I have a joint density function that is formulated as follows: $$ f_{X,Y}(k,y) = \begin{cases} \frac{\partial{P(X=k, Y\le y)}}{\partial y} = \lambda \frac{(\lambda y)^k}{k!}e^{-2\lambda y} & \text{for } k = 0,1,2,...\text{ and } y \in[0,\infty) \\ 0 & \text{elsewhere.} \end{cases} $$
I have two questions related to this joint probability mass - and density function.
First:
I am supposed to determine the marginal probability mass function of X, but I can't see how this will be done. Calculating the marginal p.m.f. requires that the function is discretely summing the values for y. Doing it continuously worked and I get a correct answer, but I need to do it discretely (p.m.f.). I tried as follows: $$ \sum_{y=0}^{\infty} \lambda \frac{(\lambda y)^k}{k!}e^{-2\lambda y} = \frac{\lambda ^{k+1}}{k!} \sum_{y=0}^{\infty} y^ke^{-2\lambda y} $$
But I couldn't simplify it from there. The answer is that the marginal p.m.f. of X belongs to a geometric distribution with p=0.5. How can this be shown?
Second:
I need to compute E[X | Y = y]. I am trying to use the following approach (the equality follows from a theorem in my litterature):
$$ E[X|Y=y]=\frac{\int\limits_{-\infty}^\infty xf_{X,Y}(x,y)dx}{\int\limits_{-\infty}^\infty f_{X,Y}(x,y)dx} $$ But I can't see how this is the correct approach (I get 0..)
Thanks!
Jam
You have a fundamental misunderstanding of how a marginal distribution is computed. If $X$ is discrete and $Y$ is continuous, then the marginal distribution for $X$ is computed by integrating over the continuous support of $Y$, and the marginal distribution for $Y$ is computed by summing over the discrete support of $X$.
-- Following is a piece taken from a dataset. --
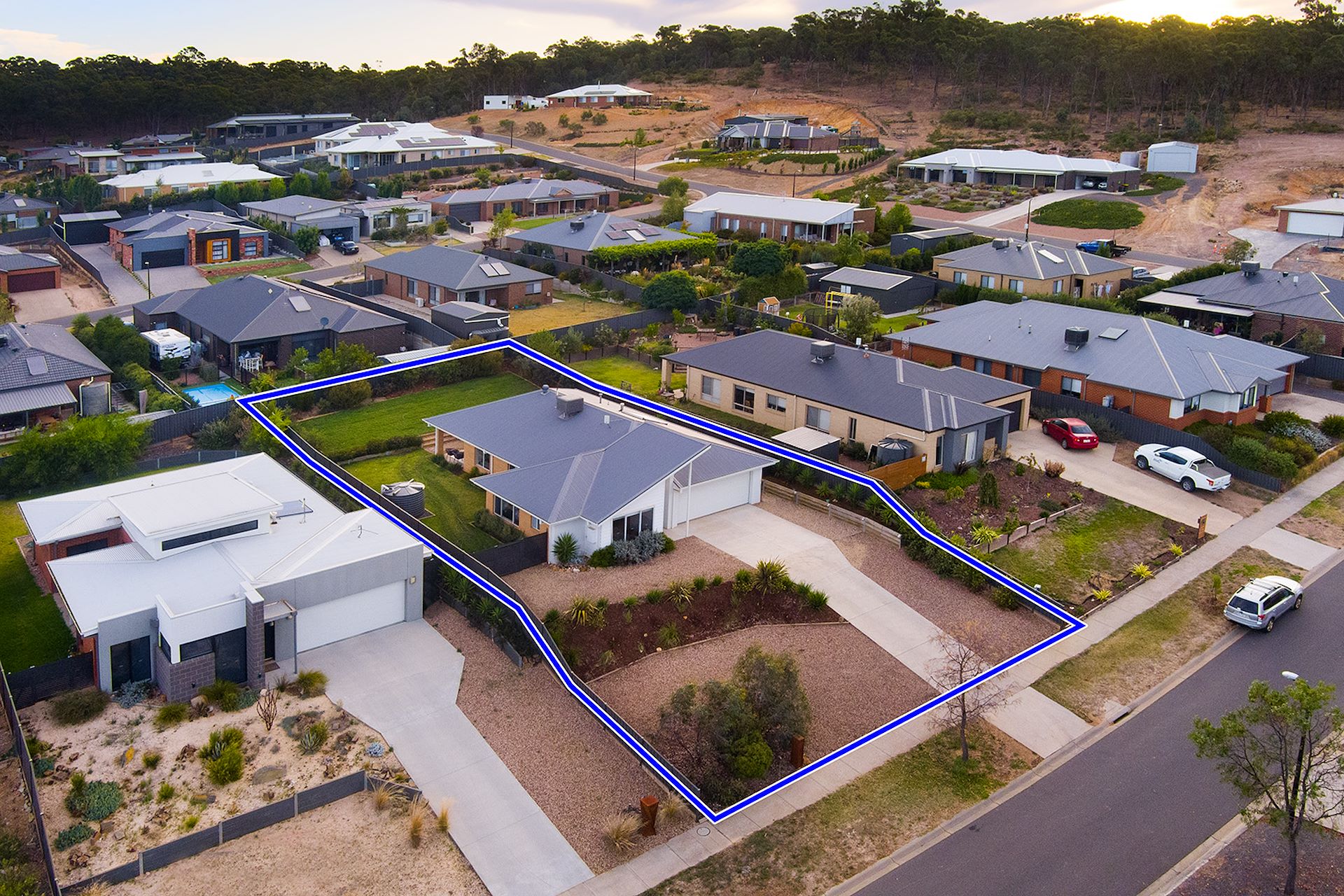 Ideally located within a 5-minute drive to Castlemaine, this lovely four-bedroom residence has an 'as-new' feel and will offer a family a comfortable, modern lifestyle. This property ticks all the boxes for a home with plenty of space and a great floor plan; it consists of four good-sized bedrooms, two living areas, two bathrooms, an entertaining alfresco area and a large rear yard. The home's façade is a standout feature with its soaring raked Colourbond roof-line. The residence is to the centre of the large 909m2 block, and there's plenty of scope to add further landscaping to the front. A pavement driveway takes you to the double-car garage with access points to the hallway and the rear yard for convenience. A formal lounge is found immediately upon entry – a lovely room with quality carpet and three considerable windows, the perfect spot to settle down with a book or enjoy a games night with the kids. Adjoining the lounge is the private master suite with a walk-in robe and ensuite. The entrance hall leads through to a spacious open-plan kitchen, living and dining area, full of natural light and garden views. The designer kitchen is a delight for entertainers and keen cooks – it features an island bench with sink, ample cupboard and drawer storage, stainless steel appliances and an excellent-sized walk-in pantry. The home feels fresh and bright throughout due to its cool neutral colour palette and modern fixtures. Quality craftsmanship and great interior design choices give the 4-year-old residence a high-end feel. The remaining three bedrooms are to the rear of the home; each includes a built-in robe and block-out roller blinds. Discover the family bathroom, separate WC, laundry, and linen press near the bedrooms. Additional features of this quality home include ducted gas heating, evaporative cooling, and solar hot water. Designed with entertaining in mind, the main living area opens to the alfresco room – a great spot to store the BBQ and enjoy many nights watching the kids or pets run amok on the lush lawn in the backyard. The yard is securely fenced on all sides and includes well-established yet low-maintenance plants and a rainwater tank; side access is also available from the front. Surrounded by other new, high-quality homes, this is an outstanding location just a short drive from Castlemaine's main shopping and dining hub, with easy access to schools, kindergarten, childcare and aged care options.

Thus, the correct calculation is $$\Pr[X = k] = \int_{y=0}^\infty \lambda \frac{(\lambda y)^k}{k!} e^{-2\lambda y} \, dy.$$ The marginal density of $Y$ is given by $$f_Y(y) = \sum_{k=0}^\infty \lambda \frac{(\lambda y)^k}{k!} e^{-2\lambda y}.$$ In each case, we integrate or sum over the "other" variable, where the choice of integration or summation follows the type of support that other variable has.
The conditional expectation is easily obtained as $$\mathrm{E}[X \mid Y = y] = \sum_{k=0}^\infty k \Pr[X = k \mid Y = y].$$ All that is needed is to realize that the conditional distribution of $X$ given $Y = y$ is obtained from the definition of conditional probability: $$\Pr[X = k \mid Y = y] f_Y(y) = f_{X,Y}(k,y),$$ which, if you have calculated the marginal density of $Y$, is easy to get and recognize.